Recorded data =>
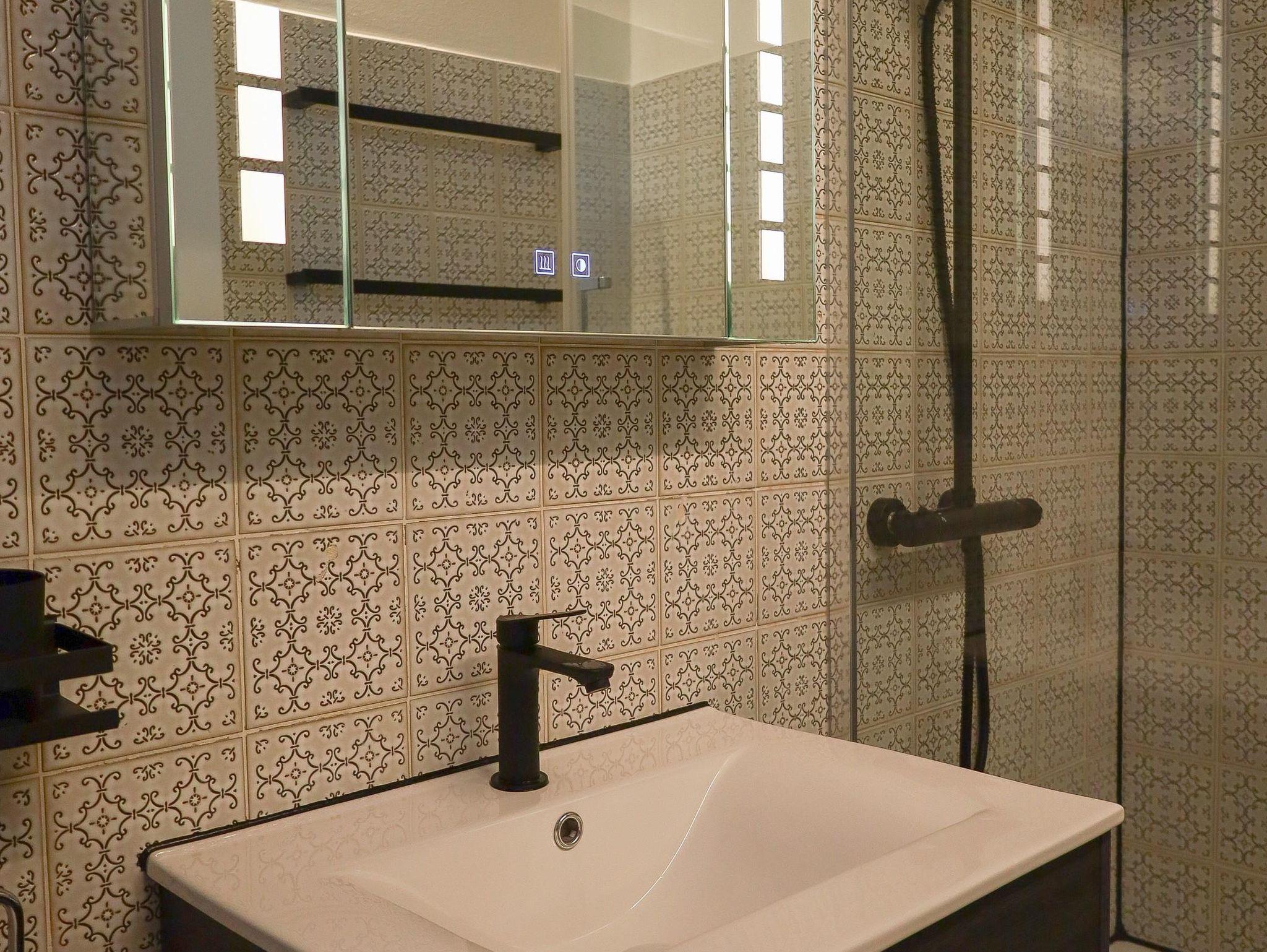 Die Küche ist voll ausgestattet mit Herd, Kühlschrank, Backofen, Spülmaschine und allem was Sie zum Kochen und Essen benötigen. Das Badezimmer ist mit frischen Handtüchern und Föhn ausgestattet.
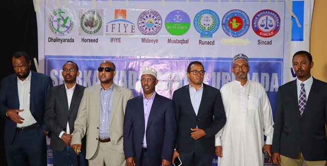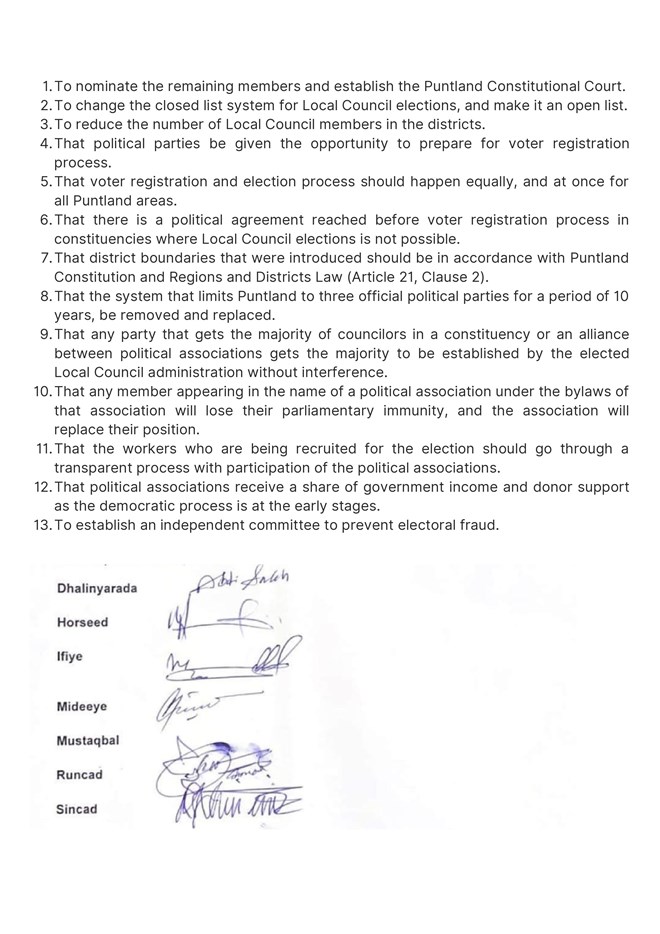 Seven parties - Dhalinyarada, Horseed, Ifiye, Mideeye, Mustaqbal, Runcad, and Sincad - signed a joint communique following an election meeting in the regional capital."The political associations of Puntland have agreed that they are ready to participate in the elections that are free and fair. The registered political associations have emphasized and agreed on the important points below to be implemented before voter registration and election process for Local Counsils is started in Puntland."
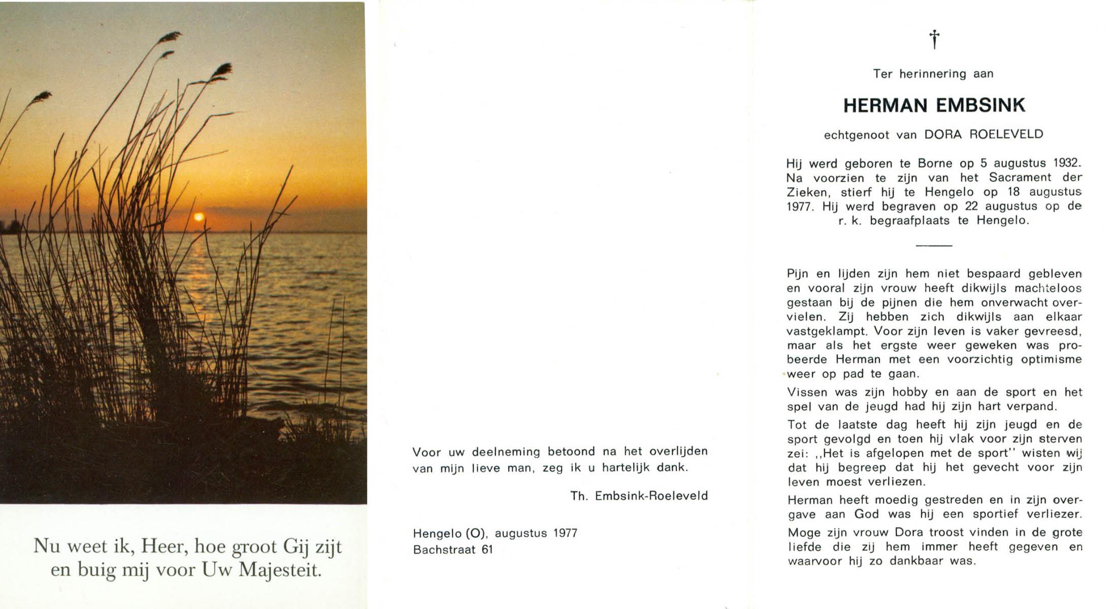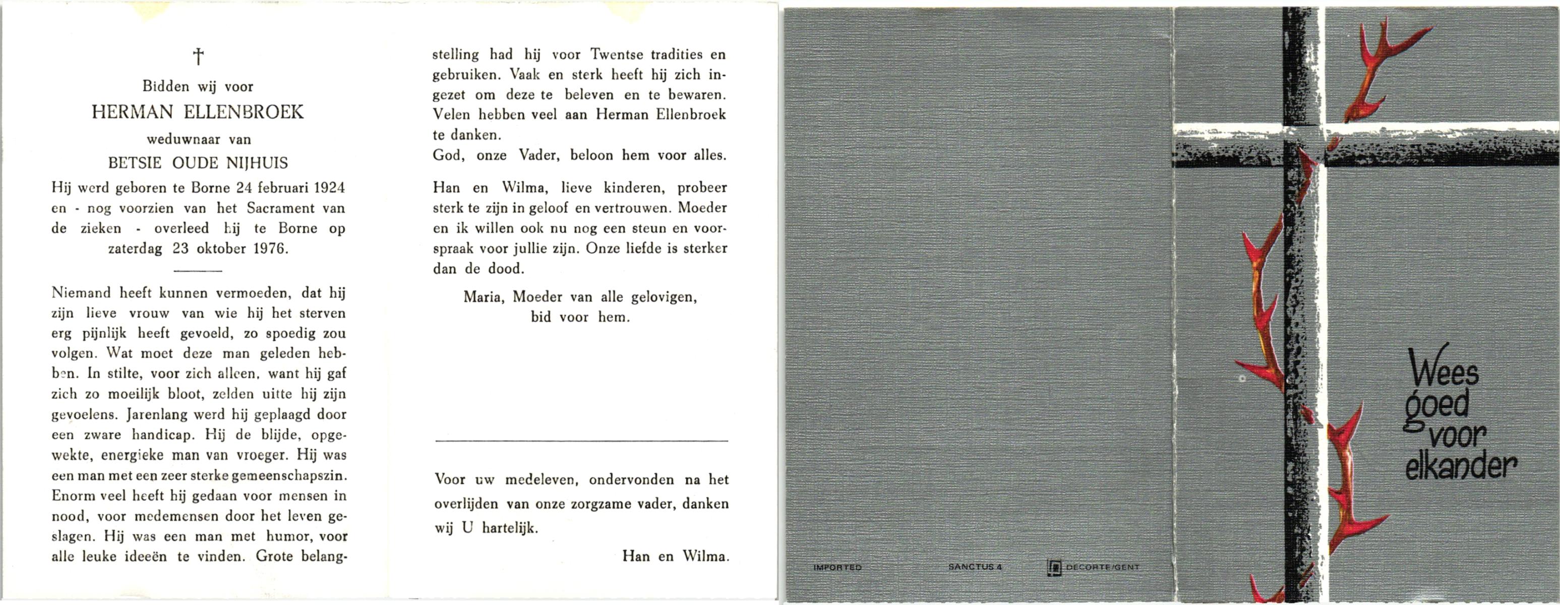 ELLENBROEK, , Herman, geboren op 24-2-1924 te Borne, overleden op 23-10-1976 te Borne op 52-jarige leeftijd.

Required action =>
Copy out all the data exactly. The images should not appear in the copy.

Response area =>
 Die Küche ist voll ausgestattet mit Herd, Kühlschrank, Backofen, Spülmaschine und allem was Sie zum Kochen und Essen benötigen. Das Badezimmer ist mit frischen Handtüchern und Föhn ausgestattet.
 Seven parties - Dhalinyarada, Horseed, Ifiye, Mideeye, Mustaqbal, Runcad, and Sincad - signed a joint communique following an election meeting in the regional capital."The political associations of Puntland have agreed that they are ready to participate in the elections that are free and fair. The registered political associations have emphasized and agreed on the important points below to be implemented before voter registration and election process for Local Counsils is started in Puntland."
 ELLENBROEK, , Herman, geboren op 24-2-1924 te Borne, overleden op 23-10-1976 te Borne op 52-jarige leeftijd.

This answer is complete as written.